Aber natürlich gab es nicht nur Pleiten, Pech und Pannen – ganz im Gegenteil. Dem Rallyetross gingen beim Beschreiben des Erlebten auf der zweiten Etappe der Histo-Monte bald die Superlative aus. Wäre im Cockpit Platz gewesen, hätte der Zweimetermann Tim Westermann im Seat 127 vor Begeisterung Purzelbäume geschlagen: „Eine der geilsten Oldtimer-Rallyes, die ich je gefahren bin. Das hier ist nicht nur das übliche Schläuche plattfahren. Die Navigation ist anspruchsvoll, und die Schneepisten ein Hammer.
Auch wenn der letzte Histo-Monte-Sieger Lars Blunck als Siebter von der Titelverteidigung ein ganzes Stück entfernt ist, mochte er seine Laune nicht eintrüben lassen: „Das war ein fantastischer Tag. Meine Lieblingsprüfung war die 13. Mit festgefahrener Schneedecke und breiter Piste. Das hat so einen Spaß gemacht.“ Tatsächlich führte die durch Nordost-Frankreich geführte Route mit einem kleinen Schlenker durch die französische Schweiz über weiter Strecken durch ein Winter-Wunderland, in dem sich hinter über die Höhen gepeitschten Wolken hier und da gar die Sonne blicken ließ und Felder und Wälder in eine Glitzerwelt verwandelte.

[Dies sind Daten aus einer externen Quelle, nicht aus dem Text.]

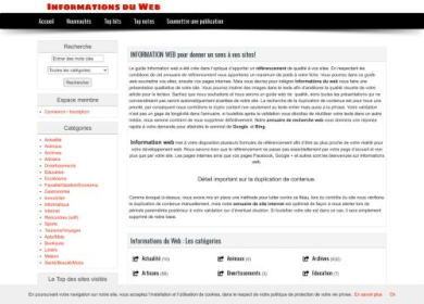 Il est venu le temps pour votre site de prendre son envol sur la toile, pour cela vous êtes en recherche de bons annuaires pour faire la promotion de votre site. L'informations du web sera un partenaire de qualité pour accroître votre notoriété sur le web. Au travers de notre guide vous pourrez présenter votre site ainsi et surtout les pages internes. En effet nous laissons la possibilité de créer plusieurs pages. Vous posséderez une page auteur que vous pourrez améliorer en lui apportant un texte soutenu. Ensuite après vérifications des points de contrôles nous validerons en urgence votre site et/ou pages.

Begeistert waren selbst die Ersten des Vortages, obwohl Thomas Richter und Josef Dumpe schworen, sie hätten auf der ersten von sechs Prüfungen komplett verwachst, nachdem sie den Start um ein Haar nicht gefunden hätten. Doch trotz des Fehlstarts behauptete das Duo im allradgetrieben Audi S2 die Spitze ebenso wie Dominik an der Heiden und Werner Neugebauer Rang zwei. Das Duo liegt im Porsche 914-6 zur Rallye-Halbzeit nur 15 Punkte schlechter.
Übrigens … Der Hinweis einiger unverständiger Teilnehmer und verfrorener Zeitnehmer, die den Sommer für eine Ausfahrt nach Monte Carlo für deutlich geeigneter halten als den Februar, sei gesagt, dass sie sich damit kaum auf der sicheren Seite befinden. Im schon erwähnten Mouthe wurden an einem schönen Juli-Tag 1962 ganze vier Grad gemessen – minus, wohl gemerkt.
Was sonst noch geschah …
Premiere für den Meister: Er ist zwar einer der schnellsten Driftkünstler Deutschlands, Raserei im öffentlichen Straßenverkehr kann man Matthias Kahle aber nicht unbedingt nachsagen. Bei Tempolimit 80 auf der Landstraße wird der Sachse auch schon mal von einem schimpfenden Lkw-Fahrer mit der Lichthupe bedroht und von einer rüstigen Oma überholt. Es sagt also einiges über die Straßenverhältnisse, dass Kahle und Beifahrer Thomas Roth heute als Erste das Etappenziel erreichten. „Das ist das erste Mal, dass mir so etwas bei einer Oldtimerrallye passiert“, strahlte der Skoda-Mann, der die abschließende Zeitkontrolle vor lauter Euphorie prompt von der falschen Seite ansteuerte.